All in all it wasn't bad. My thought on this sort of thing is that although many things that the University promote to us sound like the worst kind of management guff, there is often a kernel of useful content. Getting it might require a trade-off, i.e. sitting through 8 hours of infuriating nonsense to get the benefit of 5 mins of mild insight, but taking the occasional risk is, I think, preferable to decrying well-meaning "personal development" forever, and maybe missing out on something useful. As it happens, I had attended an "Effective Communication" course just a month ago, which was well worth the morning that I spent on it. Sometimes I even surprise my cynical self.

Two days residential course is a lot more than a morning, of course, but it was an easy call to make when I realised that this course would count as a more enjoyable version of the mandatory "Entrepreneurship" course that I need to attend. The first day had its good moments, but suffered -- or rather I suffered -- from endless hours of repeating the truism that creativity is in practice always about inventive, revealing combinations of existing things, rather than somehow popping 100% new ideas, based on not an iota of pre-existing knowledge, out of the vacuum. It's a reasonable point, and helpful for some, but is like an unconstructive mathematical proof: sure, that's true, but it has nothing to say about either what combinations are interesting, nor how to bias ourselves toward finding them. Day 2 was a bit better, with a nice exercise on a "toy model" topic... apparently we need to pay the training consultant more to get the "proper" course that works on real situations. Oh well. There's more to come, and I don't regret the two days of attempted self-improvement.

One of the things that struck me, among all the "unlearning" and challenging of preconceptions, was that every time my colleagues (in the broad sense -- I was the only physicist in the room) were given the opportunity to ask a free-form question, it was about grant applications, reviews, publications, and all the other paraphenalia of academic life. This isn't really surprising on the face of it, but the form of the questions caught me by surprise: there was rarely a sense of perspective, or awareness that there is value in many of the things that we do regardless of whether they lead to grants or publications. It was implicit that the only thing that matters is those superficial aspects of academic -- the cargo cult stuff -- that performance reviews and promotion metrics focus on. There was even a repeated question along the lines of "Shouldn't I just leave creativity for later, since I think grant reviewers want to see safe proposals at this stage". Very sad.
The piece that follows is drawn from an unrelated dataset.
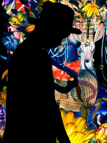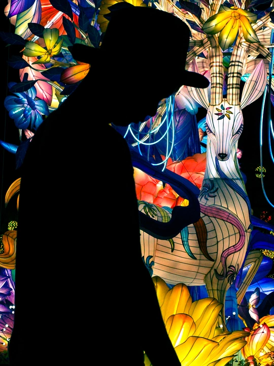 夜幕低垂,旅人披着月色独行,忽见远处鹿形灯盏如星河坠落。鹿角缀满金叶,面部彩纹流转,与身后繁花交织成幻境。旅人驻足,帽檐下的剪影与灯鹿对视,仿佛穿越时空的使者,在斑斓花海中遇见一场关于遇见的童话。镜头定格,是旅人寻鹿,亦是鹿灯寻旅。

The question I ended up asking is "Why am I not equally myopic?" or more self-critically, "What do they know that I don't?". One part of the answer really is personal. My career hasn't had a very standard trajectory for a HEP experimentalist -- post-PhD I took 4 years "out" of experiment to work among theorists, in an environment where I was essentially my own boss for 90% of the time, and had great support from the likes of Jon Butterworth. This gave me a lot of freedom to establish a value system that was all about the science quality rather than the cargo-cult trappings of academia -- which of course I am framing to you as being the One True Way. And my natural inclination is anyway that rocking boats are more interesting than the plain sailing type. But while there are certainly plenty of experimental HEP'ers whose primary focus is strategic moves for rapid career progression -- conventionally followed by endless moaning about the unfairness of all the teaching and admin that they couldn't wait to inflict upon themselves -- I think on the whole our peculiar type of science protects us from the worst effects of modern academia's performance metrics on at least two fronts.

First up is the meaninglessness of citation counts in experimental HEP. In this strange world where one need only qualify as an ATLAS author once, and never again be asked to do any service (or indeed any) work to justify the constant flow of papers with your name on it, publication measures like raw citation counts, paper counts, or h-indices mean virtually nothing. Their strongest correlation is with longevity in the field, and in particular longevity on major running experiments. While this gives some advantage to those who spent the 2000s on running Tevatron experiments rather than in-development LHC ones, I think the main effect is a sort of scroll-blindness: everyone's numbers are so large and so similar that there is no power of differentiation. And when it comes to exercises like the REF, pretty much every UK HEP group points at the same major papers and has a half-decent case for doing so. Having filled our CVs up to the brim with collective publications, there is actually remarkable freedom on the resulting Fermi surface for us to focus on what we find interesting, without needing to daily obsess about The Paper. I'm also thoroughly looking forward to the demise of that outdated, cargo-cultish mode of academic communication -- and wealth transfer to Elsevier -- but that's for another day.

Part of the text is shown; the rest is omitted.